------ Material provided
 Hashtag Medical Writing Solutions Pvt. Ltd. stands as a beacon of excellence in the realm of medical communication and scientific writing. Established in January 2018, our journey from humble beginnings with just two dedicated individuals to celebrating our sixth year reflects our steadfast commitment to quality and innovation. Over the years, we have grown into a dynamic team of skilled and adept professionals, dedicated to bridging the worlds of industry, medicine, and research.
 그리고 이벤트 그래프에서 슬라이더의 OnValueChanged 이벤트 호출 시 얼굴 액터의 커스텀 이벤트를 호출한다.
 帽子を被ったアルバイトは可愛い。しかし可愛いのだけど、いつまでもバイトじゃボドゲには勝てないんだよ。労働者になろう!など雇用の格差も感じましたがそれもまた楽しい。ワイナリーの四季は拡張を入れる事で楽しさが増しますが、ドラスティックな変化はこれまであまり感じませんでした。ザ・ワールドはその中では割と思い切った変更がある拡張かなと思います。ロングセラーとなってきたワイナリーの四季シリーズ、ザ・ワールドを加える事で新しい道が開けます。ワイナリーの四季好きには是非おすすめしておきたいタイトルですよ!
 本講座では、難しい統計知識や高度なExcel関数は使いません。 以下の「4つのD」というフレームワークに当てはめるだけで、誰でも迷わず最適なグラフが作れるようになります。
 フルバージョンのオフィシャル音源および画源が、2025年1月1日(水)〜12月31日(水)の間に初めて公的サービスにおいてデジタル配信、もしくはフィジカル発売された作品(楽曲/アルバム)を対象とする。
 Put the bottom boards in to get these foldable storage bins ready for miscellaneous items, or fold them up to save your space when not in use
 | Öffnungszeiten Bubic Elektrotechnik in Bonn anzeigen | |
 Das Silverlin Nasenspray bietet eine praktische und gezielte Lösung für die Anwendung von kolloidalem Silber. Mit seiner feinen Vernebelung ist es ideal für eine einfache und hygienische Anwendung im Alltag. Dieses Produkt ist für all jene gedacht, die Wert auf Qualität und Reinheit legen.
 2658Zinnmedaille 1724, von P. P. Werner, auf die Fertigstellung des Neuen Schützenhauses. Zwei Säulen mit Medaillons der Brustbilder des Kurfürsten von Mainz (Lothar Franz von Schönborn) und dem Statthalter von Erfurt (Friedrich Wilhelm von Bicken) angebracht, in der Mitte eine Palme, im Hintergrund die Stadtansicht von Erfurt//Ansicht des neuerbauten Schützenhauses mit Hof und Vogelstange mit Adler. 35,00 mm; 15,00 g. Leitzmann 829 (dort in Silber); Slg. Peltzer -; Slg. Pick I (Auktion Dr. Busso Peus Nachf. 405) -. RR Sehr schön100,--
------------
## [What is needed]
The answer must be every entry, reproduced exactly.

## [Result]
 Hashtag Medical Writing Solutions Pvt. Ltd. stands as a beacon of excellence in the realm of medical communication and scientific writing. Established in January 2018, our journey from humble beginnings with just two dedicated individuals to celebrating our sixth year reflects our steadfast commitment to quality and innovation. Over the years, we have grown into a dynamic team of skilled and adept professionals, dedicated to bridging the worlds of industry, medicine, and research.
 그리고 이벤트 그래프에서 슬라이더의 OnValueChanged 이벤트 호출 시 얼굴 액터의 커스텀 이벤트를 호출한다.
 帽子を被ったアルバイトは可愛い。しかし可愛いのだけど、いつまでもバイトじゃボドゲには勝てないんだよ。労働者になろう!など雇用の格差も感じましたがそれもまた楽しい。ワイナリーの四季は拡張を入れる事で楽しさが増しますが、ドラスティックな変化はこれまであまり感じませんでした。ザ・ワールドはその中では割と思い切った変更がある拡張かなと思います。ロングセラーとなってきたワイナリーの四季シリーズ、ザ・ワールドを加える事で新しい道が開けます。ワイナリーの四季好きには是非おすすめしておきたいタイトルですよ!
 本講座では、難しい統計知識や高度なExcel関数は使いません。 以下の「4つのD」というフレームワークに当てはめるだけで、誰でも迷わず最適なグラフが作れるようになります。
 フルバージョンのオフィシャル音源および画源が、2025年1月1日(水)〜12月31日(水)の間に初めて公的サービスにおいてデジタル配信、もしくはフィジカル発売された作品(楽曲/アルバム)を対象とする。
 Put the bottom boards in to get these foldable storage bins ready for miscellaneous items, or fold them up to save your space when not in use
 | Öffnungszeiten Bubic Elektrotechnik in Bonn anzeigen | |
 Das Silverlin Nasenspray bietet eine praktische und gezielte Lösung für die Anwendung von kolloidalem Silber. Mit seiner feinen Vernebelung ist es ideal für eine einfache und hygienische Anwendung im Alltag. Dieses Produkt ist für all jene gedacht, die Wert auf Qualität und Reinheit legen.
 2658Zinnmedaille 1724, von P. P. Werner, auf die Fertigstellung des Neuen Schützenhauses. Zwei Säulen mit Medaillons der Brustbilder des Kurfürsten von Mainz (Lothar Franz von Schönborn) und dem Statthalter von Erfurt (Friedrich Wilhelm von Bicken) angebracht, in der Mitte eine Palme, im Hintergrund die Stadtansicht von Erfurt//Ansicht des neuerbauten Schützenhauses mit Hof und Vogelstange mit Adler. 35,00 mm; 15,00 g. Leitzmann 829 (dort in Silber); Slg. Peltzer -; Slg. Pick I (Auktion Dr. Busso Peus Nachf. 405) -. RR Sehr schön100,--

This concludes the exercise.